• Exercise requirements:
Establish how many lines in the entries hold the string "Premium". The number by itself is the whole answer.

━━━━━ Input records ━━━━━

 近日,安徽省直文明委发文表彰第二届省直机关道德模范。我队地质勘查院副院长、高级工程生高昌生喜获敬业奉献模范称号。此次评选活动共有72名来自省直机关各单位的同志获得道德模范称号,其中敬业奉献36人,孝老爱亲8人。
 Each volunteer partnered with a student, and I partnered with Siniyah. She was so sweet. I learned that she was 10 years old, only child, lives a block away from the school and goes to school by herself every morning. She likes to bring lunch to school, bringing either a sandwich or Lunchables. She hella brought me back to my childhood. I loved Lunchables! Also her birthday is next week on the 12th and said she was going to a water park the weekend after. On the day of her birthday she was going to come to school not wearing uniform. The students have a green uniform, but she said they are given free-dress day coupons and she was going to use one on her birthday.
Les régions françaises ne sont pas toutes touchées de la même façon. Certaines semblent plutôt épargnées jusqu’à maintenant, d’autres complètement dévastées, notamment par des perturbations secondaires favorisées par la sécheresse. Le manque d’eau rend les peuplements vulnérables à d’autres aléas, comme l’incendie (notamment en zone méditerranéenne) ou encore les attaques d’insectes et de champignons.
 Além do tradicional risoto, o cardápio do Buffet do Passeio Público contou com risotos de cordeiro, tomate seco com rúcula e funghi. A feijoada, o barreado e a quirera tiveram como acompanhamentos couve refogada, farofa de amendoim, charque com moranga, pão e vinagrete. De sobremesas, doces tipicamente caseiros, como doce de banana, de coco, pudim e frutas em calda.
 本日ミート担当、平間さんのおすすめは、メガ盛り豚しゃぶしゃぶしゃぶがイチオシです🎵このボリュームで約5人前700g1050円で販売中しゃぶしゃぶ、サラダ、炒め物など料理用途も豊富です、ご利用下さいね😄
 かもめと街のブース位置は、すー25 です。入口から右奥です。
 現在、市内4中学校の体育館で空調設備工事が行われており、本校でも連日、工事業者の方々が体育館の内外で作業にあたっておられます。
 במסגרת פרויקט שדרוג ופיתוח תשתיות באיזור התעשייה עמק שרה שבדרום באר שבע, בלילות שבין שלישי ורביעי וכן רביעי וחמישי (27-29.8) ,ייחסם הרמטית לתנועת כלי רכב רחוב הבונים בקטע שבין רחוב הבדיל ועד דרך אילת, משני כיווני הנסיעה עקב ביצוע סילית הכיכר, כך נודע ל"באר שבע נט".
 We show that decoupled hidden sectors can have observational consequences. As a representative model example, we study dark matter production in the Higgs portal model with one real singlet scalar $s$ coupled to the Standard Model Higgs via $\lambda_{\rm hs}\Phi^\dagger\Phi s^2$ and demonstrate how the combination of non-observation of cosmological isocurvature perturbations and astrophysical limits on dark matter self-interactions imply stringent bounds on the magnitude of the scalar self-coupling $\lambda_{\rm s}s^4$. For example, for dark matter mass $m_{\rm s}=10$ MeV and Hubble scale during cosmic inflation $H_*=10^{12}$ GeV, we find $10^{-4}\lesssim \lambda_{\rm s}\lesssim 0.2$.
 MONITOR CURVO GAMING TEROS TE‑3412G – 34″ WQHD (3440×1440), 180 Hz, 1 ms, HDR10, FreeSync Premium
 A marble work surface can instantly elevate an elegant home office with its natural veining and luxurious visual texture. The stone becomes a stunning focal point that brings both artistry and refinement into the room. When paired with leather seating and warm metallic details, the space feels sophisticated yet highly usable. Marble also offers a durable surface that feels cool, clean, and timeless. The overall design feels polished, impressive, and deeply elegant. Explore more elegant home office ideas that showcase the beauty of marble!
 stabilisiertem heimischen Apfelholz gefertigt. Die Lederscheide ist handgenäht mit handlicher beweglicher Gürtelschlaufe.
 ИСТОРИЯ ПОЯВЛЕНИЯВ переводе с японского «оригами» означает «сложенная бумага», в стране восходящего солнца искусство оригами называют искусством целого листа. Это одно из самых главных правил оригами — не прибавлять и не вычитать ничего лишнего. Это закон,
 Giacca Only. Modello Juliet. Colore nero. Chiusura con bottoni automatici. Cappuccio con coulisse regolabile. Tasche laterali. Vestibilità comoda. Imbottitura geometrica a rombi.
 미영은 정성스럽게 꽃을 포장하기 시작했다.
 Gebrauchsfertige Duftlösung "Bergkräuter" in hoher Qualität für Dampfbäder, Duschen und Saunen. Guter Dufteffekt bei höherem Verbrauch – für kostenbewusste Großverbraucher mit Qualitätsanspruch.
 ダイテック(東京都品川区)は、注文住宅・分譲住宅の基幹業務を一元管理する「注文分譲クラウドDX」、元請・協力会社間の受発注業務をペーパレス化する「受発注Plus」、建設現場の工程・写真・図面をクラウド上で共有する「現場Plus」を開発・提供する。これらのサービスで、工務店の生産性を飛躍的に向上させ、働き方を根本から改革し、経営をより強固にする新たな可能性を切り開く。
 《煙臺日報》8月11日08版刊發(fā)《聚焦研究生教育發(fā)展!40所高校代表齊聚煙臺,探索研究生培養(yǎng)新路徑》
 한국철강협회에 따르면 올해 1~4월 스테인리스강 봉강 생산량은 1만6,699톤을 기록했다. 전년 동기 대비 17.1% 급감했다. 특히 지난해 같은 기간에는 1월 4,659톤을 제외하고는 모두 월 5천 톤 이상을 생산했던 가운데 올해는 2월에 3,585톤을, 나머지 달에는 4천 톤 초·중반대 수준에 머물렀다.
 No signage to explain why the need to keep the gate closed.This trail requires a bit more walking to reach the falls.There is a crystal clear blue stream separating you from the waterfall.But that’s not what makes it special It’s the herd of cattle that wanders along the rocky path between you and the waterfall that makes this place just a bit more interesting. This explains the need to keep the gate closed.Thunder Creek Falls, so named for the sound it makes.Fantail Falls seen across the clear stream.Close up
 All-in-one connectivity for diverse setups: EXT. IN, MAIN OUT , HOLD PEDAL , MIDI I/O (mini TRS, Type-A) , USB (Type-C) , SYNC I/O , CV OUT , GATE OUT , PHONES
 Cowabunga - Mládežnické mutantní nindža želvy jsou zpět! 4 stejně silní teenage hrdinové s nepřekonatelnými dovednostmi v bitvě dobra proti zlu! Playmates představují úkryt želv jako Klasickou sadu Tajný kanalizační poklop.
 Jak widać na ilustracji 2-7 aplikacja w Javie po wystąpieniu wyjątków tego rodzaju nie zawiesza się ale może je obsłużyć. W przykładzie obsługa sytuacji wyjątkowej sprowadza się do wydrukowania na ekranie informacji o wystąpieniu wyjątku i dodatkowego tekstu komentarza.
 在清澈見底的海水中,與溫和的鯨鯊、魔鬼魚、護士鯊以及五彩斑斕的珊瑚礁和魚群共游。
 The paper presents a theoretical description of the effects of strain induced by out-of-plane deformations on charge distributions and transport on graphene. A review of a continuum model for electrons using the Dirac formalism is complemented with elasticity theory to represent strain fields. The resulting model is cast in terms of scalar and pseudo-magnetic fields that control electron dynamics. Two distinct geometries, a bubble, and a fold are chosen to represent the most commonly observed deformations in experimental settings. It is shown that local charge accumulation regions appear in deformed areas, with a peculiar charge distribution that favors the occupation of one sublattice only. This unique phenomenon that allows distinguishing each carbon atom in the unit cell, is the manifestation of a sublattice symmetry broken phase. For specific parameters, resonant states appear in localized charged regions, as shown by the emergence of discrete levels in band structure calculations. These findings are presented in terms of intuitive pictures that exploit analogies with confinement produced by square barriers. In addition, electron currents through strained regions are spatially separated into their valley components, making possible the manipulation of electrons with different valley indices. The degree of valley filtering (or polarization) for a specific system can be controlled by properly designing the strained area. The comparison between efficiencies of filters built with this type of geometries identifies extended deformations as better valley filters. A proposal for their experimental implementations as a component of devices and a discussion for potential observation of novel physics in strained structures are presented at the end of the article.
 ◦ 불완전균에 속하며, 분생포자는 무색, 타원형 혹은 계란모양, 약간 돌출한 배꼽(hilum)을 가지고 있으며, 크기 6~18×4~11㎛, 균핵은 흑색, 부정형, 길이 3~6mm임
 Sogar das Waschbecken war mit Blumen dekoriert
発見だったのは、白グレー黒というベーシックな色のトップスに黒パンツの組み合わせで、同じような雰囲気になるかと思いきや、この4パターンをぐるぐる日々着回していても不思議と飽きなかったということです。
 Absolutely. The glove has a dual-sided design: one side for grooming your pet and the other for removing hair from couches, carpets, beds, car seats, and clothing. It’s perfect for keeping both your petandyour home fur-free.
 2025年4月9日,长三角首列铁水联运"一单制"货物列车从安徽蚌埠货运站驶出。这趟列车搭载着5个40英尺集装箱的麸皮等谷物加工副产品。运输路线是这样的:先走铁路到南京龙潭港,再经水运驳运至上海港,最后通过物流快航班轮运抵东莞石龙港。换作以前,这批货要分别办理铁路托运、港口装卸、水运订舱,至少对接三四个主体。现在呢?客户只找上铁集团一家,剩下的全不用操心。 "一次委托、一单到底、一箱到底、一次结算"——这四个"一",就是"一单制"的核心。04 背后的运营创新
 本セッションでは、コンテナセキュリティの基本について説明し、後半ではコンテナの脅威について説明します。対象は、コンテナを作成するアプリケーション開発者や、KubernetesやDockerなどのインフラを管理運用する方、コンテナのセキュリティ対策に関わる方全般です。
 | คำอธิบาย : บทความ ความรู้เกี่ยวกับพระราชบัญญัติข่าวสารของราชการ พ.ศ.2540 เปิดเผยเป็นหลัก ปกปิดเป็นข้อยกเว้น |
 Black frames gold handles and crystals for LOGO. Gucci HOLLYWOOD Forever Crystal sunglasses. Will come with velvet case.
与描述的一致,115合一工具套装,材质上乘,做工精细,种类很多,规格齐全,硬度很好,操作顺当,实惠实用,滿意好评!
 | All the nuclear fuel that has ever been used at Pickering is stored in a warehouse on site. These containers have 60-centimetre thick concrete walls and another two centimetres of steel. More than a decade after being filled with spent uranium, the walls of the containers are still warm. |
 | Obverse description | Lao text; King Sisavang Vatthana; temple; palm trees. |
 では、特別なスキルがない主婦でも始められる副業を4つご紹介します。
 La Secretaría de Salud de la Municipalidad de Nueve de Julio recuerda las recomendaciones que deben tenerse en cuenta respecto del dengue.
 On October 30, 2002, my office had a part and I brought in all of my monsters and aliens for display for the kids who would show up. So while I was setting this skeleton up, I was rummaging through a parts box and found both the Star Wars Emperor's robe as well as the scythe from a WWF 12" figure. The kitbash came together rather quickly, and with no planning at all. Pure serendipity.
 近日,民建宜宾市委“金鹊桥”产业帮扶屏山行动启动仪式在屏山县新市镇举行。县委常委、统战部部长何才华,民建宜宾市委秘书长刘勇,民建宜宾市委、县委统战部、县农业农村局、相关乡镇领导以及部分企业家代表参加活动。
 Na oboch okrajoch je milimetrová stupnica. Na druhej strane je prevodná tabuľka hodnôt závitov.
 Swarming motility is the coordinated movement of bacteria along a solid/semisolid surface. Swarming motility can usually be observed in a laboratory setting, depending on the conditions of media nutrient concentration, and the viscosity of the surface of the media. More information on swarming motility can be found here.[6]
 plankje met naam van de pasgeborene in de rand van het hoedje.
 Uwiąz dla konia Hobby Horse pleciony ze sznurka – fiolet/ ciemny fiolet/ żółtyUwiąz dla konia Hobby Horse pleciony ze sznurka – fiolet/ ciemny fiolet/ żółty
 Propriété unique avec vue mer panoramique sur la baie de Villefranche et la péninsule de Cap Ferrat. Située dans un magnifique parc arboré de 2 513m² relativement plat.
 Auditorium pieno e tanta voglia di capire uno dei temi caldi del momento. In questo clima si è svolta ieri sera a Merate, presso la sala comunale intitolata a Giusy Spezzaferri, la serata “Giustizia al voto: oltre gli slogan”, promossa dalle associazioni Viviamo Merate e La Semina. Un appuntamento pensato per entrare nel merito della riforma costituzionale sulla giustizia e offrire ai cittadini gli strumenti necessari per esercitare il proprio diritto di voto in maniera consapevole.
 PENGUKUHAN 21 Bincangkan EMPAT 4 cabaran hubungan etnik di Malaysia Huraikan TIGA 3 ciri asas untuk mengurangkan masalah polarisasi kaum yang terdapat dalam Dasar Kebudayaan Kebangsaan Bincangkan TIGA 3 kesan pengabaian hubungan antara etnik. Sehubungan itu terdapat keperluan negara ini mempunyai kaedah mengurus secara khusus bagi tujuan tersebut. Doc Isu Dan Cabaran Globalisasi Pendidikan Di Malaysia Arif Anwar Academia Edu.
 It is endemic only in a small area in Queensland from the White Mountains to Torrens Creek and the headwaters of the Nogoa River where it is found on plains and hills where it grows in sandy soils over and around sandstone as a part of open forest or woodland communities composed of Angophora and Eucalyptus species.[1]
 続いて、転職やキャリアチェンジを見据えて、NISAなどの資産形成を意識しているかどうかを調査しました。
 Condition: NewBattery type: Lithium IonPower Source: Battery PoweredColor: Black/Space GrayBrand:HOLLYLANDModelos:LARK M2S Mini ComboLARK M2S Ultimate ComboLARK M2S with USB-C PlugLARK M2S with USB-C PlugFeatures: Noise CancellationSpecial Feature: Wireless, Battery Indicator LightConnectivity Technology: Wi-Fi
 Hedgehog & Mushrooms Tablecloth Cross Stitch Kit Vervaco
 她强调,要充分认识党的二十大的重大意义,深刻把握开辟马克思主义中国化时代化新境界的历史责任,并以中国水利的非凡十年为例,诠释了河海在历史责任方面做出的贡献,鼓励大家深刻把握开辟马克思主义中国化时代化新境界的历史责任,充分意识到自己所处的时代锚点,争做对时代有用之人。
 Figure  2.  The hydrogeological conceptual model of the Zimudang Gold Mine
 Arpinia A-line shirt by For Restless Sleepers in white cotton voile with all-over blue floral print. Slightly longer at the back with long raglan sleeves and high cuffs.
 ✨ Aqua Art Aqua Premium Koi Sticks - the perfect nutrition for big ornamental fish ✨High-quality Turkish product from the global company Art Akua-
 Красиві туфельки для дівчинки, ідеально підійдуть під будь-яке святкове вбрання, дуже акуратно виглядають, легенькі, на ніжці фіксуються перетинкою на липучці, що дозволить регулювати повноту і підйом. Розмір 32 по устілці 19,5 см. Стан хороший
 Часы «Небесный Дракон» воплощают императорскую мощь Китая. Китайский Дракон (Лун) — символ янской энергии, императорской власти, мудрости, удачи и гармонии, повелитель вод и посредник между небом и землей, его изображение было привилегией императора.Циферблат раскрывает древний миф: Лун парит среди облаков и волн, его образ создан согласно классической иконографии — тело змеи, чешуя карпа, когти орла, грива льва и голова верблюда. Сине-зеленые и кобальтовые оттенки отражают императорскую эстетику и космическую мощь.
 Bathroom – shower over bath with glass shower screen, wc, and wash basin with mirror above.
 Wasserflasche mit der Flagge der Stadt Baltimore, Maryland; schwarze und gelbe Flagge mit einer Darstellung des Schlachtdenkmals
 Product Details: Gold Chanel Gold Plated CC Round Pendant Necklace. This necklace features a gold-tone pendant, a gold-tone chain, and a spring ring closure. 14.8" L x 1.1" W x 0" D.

━━━━━

• Response to the task:
2